So why the emphasis on clustering and grid computing for media applications? It is actually quite simple. Historically, the video server has followed nearly in lock step with modern computational, processing or storage efforts, from real-time operating systems through NAS and SAN storage. What occurs in the development of network or data-centric computing seems to eventually show up in the media server domain. Grid computing is now headed toward storage for media applications.

SANs and NAS-head storage systems grow universally in deployment, making storage management, data protection and failover/failback recovery far more important. As more assets are placed on spinning disks, the driving forces for greater capabilities must be addressed. Gone are the simple incremental additions to storage platforms, i.e., adding another five or 10 disks to an existing array, changing from a 36 to a 73 GB drive or adding another chassis of disk drives. The industry now demands increased bandwidth with higher accessibility, lower cost and much larger capacities. This happens mostly by upping the storage throughput or increasing the amount of storage.

Enter clustered or grid storage. Applying similar principles to those found in clustered servers or grid computing, but now to storage, allows the user to easily and linearly add storage while increasing bandwidth (i.e., throughput). File system complexities are diminished by moving away from the traditional layered file system approach and allowing the storage to appear as a single volume.

By using non-high performance drive media (i.e., SATA), as opposed to Fibre Channel drives, the cost to performance ratio is readjusted.

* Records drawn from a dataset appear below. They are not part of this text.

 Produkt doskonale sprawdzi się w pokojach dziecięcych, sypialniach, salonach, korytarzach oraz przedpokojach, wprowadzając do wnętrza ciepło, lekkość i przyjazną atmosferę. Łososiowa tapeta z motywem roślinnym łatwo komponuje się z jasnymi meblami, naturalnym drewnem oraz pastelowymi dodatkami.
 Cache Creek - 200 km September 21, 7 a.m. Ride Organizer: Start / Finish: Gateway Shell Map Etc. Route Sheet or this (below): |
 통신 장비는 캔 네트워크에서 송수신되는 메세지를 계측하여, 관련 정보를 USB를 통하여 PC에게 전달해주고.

As the industry realizes that having everything online is unnecessary or too costly, nearline or secondary storage uses are accelerated.

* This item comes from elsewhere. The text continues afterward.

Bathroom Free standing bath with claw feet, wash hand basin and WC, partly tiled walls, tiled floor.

Grid storage promotes distribution of file elements across many sets of drives. Files are literally sliced up and spread across a larger set of less costly drives. The requirement for a RAID-protected system is mitigated by spreading the risk out over a larger footprint of storage. For protection purposes and increased accessibility, files should be replicated in multiple locations across the storage platform.

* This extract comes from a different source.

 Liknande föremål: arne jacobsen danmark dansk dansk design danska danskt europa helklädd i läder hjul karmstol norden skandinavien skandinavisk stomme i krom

With a common file system manager at each node of storage, tracking the location of these file slices no longer becomes the charge of the video server-thus system performance is increased and storage management becomes a separate task. Grids allow for unlimited size and performance scalability.

IP-based connectivity is another driving force for emerging storage platforms. With 10 Gigabit Ethernet, the previous problems of FTP latency are nullified, and the overall storage platforms no longer need to depend on complex fabric-managed switches, such as those in a Fibre Channel implementation.

The gains include increased storage, easy expansion, cost-effective entry levels, and a manageable storage system that uses the well-understood capabilities of Ethernet.

NAB showed just such storage capabilities from well-known established vendors, with a variety of applications, some standalone and others integrated into video server platforms. With these various storage platforms, which may or may not depend on a specific server vendor's product; options are available today that were impractical only a few years ago-options which continue to promote the all server/tapeless operating environment.